Today we are looking at how to check and adjust the ignition timing on an engine equipped with efi (naturally this does not include distributor-less (coil pack) type ignitions). Engines that are controlled by an ecu require the computer to be put in a ‘diagnostic’ or similar mode before the ignition timing can be checked and adjusted.
The procedure for doing this varies widely between the different makes and models so you will need to find the correct information for your vehicle before attempting this. Workshop manual’s are a good source for this.
The vehicle we are using for this article is a ’93 Toyota Camry fitted with a 5S-FE engine (4cyl 2.2L). We start by checking that the timing marks on the harmonic balancer and the lower timing belt cover are easy to see. It is a good idea to mark the balancer and the correct timing position on the cover with a white pen or correction fluid (Liquid Paper) so that they can be more easily seen.
On the Camry we need to bridge the TE1 and E1 terminal of the diagnostic connector. The diagnostic connector can be found on the left hand side (passengers side) strut tower.
Open the lid and you will see quite a few electrical terminals. Inside the lid should be a diagram of the terminal layout and from that we can work out which two terminals we need to bridge across. The two terminals can be bridged with basically anything that will conduct, here we are using a split pin.

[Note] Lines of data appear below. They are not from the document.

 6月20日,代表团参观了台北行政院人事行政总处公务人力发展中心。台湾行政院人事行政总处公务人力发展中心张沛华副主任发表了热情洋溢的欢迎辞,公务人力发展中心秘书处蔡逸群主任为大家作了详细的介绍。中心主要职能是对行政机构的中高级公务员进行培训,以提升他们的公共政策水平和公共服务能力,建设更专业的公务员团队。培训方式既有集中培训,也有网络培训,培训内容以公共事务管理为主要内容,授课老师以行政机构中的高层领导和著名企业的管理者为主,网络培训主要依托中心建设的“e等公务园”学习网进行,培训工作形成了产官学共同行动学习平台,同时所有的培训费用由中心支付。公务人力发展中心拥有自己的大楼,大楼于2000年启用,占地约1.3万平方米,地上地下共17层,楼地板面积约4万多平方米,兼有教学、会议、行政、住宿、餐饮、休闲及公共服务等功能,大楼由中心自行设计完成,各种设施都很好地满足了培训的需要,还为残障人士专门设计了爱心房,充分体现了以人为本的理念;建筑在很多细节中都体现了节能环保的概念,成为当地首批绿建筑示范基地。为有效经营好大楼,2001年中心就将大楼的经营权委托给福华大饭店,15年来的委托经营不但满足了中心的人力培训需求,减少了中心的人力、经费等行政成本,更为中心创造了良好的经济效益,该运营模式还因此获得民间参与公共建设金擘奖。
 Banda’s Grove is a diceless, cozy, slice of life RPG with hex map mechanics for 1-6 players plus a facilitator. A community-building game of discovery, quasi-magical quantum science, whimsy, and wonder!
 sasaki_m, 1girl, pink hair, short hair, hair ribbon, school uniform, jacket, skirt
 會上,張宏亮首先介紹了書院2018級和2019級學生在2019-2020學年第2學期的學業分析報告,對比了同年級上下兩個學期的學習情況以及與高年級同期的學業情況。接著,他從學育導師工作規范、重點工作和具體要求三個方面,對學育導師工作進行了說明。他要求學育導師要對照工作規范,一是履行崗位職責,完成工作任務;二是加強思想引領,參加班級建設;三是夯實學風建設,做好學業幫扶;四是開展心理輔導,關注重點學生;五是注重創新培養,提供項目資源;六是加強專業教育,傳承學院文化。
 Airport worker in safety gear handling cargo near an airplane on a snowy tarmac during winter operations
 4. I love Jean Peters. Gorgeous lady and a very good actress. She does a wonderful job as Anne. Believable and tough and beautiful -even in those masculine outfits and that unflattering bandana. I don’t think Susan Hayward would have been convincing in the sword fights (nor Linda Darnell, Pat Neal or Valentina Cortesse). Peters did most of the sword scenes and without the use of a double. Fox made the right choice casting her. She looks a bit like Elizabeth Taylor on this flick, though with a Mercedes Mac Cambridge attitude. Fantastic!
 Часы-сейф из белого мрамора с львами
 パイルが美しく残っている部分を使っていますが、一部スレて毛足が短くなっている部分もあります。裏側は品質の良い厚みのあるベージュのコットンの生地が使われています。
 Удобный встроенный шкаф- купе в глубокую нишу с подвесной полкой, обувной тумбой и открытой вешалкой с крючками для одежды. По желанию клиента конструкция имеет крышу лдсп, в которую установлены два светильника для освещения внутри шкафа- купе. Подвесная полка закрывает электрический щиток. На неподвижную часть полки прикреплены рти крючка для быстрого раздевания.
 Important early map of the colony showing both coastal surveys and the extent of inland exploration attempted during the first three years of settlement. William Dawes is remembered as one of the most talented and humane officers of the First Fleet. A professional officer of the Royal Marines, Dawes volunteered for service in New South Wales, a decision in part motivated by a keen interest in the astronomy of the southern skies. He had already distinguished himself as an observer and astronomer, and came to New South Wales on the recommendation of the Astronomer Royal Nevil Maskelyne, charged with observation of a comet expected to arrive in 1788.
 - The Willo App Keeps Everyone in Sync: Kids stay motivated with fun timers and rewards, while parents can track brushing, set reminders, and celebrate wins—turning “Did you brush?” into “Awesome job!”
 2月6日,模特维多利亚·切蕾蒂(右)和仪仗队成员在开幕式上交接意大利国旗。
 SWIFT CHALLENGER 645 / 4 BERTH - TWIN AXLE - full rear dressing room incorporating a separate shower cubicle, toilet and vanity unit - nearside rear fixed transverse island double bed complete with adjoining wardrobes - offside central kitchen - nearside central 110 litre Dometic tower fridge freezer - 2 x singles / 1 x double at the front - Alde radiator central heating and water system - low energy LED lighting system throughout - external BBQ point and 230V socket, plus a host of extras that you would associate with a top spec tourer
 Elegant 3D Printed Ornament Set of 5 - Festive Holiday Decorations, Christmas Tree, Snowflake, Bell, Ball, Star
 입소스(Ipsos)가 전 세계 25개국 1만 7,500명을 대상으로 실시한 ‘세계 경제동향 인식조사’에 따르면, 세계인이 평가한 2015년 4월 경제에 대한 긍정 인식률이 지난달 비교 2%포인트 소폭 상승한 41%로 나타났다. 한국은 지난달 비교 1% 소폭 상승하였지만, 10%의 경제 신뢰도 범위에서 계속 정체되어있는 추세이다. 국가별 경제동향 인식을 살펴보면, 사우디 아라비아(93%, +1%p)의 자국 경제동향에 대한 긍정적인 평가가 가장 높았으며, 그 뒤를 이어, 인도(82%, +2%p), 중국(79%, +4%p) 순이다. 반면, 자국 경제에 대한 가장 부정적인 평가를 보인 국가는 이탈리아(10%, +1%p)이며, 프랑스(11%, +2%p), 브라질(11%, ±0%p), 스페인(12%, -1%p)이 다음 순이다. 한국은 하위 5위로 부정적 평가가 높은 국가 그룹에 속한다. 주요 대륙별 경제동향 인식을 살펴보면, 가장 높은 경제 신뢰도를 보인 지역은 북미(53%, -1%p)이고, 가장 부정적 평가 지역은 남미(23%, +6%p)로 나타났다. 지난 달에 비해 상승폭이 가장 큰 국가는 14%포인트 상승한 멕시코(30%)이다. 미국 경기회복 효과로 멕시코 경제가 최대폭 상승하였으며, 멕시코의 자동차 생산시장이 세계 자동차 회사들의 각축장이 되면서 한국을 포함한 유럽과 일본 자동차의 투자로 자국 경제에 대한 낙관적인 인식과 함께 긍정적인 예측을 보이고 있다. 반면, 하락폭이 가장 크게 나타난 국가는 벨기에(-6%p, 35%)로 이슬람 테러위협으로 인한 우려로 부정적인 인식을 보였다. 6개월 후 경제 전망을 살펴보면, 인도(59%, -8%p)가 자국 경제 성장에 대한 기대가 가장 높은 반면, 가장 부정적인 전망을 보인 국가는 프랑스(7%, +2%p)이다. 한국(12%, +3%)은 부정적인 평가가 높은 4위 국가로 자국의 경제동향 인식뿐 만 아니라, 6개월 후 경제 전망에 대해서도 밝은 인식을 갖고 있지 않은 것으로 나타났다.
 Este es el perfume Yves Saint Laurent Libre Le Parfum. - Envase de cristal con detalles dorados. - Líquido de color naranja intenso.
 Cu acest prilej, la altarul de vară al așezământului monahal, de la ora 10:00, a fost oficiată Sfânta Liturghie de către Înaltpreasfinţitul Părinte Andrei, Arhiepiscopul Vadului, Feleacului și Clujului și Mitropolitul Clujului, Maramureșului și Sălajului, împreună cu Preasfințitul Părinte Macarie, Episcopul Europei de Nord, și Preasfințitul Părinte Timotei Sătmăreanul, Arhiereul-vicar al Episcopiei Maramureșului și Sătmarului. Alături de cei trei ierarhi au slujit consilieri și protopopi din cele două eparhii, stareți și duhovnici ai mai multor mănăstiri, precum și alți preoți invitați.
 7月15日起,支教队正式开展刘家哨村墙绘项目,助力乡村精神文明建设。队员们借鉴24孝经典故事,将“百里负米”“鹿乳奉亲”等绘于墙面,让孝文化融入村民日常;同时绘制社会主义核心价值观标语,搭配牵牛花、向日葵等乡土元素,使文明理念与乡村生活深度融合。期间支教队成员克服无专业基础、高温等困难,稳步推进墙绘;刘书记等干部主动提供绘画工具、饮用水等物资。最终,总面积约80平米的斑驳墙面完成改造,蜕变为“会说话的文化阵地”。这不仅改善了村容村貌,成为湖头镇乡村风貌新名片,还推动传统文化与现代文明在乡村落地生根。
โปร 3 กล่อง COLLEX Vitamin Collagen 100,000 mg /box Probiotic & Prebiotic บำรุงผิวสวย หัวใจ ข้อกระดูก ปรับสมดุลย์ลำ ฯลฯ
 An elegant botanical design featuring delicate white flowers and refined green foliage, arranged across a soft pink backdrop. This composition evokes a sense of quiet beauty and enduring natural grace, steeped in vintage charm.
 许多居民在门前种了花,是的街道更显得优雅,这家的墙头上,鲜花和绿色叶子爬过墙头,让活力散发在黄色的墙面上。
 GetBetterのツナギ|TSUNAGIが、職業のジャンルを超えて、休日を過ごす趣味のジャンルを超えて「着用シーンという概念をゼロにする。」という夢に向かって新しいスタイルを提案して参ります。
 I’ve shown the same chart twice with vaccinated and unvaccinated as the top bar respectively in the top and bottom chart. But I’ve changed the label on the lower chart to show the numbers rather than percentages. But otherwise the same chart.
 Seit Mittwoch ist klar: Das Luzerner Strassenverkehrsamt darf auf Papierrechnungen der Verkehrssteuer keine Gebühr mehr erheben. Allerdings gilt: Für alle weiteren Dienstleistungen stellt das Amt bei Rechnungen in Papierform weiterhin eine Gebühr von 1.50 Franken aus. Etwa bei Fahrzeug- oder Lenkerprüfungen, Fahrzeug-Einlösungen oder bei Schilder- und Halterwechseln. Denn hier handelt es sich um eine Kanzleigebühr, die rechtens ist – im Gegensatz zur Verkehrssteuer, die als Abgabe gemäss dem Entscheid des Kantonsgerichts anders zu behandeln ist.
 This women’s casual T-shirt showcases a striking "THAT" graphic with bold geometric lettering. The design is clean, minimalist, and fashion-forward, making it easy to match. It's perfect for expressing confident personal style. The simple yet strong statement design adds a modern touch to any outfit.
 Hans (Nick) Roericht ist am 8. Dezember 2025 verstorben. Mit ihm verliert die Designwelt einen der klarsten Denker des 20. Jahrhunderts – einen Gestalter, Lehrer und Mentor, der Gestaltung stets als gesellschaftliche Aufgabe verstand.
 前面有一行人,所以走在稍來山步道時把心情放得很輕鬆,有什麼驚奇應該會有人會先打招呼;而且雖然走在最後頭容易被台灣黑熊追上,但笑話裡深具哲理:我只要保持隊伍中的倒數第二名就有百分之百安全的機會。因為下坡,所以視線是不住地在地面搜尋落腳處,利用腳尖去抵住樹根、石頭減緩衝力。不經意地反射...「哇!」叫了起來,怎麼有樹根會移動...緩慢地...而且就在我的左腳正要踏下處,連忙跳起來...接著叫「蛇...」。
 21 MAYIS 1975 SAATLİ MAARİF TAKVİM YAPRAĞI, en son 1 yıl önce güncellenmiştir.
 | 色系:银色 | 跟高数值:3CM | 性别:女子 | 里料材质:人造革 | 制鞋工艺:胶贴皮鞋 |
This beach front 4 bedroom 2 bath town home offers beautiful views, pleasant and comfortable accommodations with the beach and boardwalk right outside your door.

Now we can connect the timing light, start the engine and aim the timing light at the timing marks. In this case the timing is to be set at 10 degrees BTDC (before top dead centre).
If the timing is not correct, stop the engine and take a look at how the distributor is held in position (to adjust the timing the distributor needs to be rotated). In our case there are two 12mm bolts that have to be loosened. The bolts or nuts that secure the distributor only have to be loosened, not removed. If the distributor has not been moved in a while it may be difficult to get it to move at all. A GENTLE tap with a rubber or soft-faced hammer on the lower body part of the distributor (the area closest to the engine block) should get it moving.
The lower bolt is a pain to get to without removing the air intake!
Once the bolts are loosened restart the engine and rotate the distributor while watching the timing marks with the timing light. If the marks are getting further apart, the distributor needs to be moved in the opposite direction (yeah, pretty obvious I know!).
Once you have the timing set to specifications, re-tighten the bolts holding the distributor and run the timing light over the timing marks one more time. The reason for doing this is that the distributor often moves when tightening the bolts.
If all is good shut the engine down, remove the bridging wire and timing light and take the car for a road test. All done!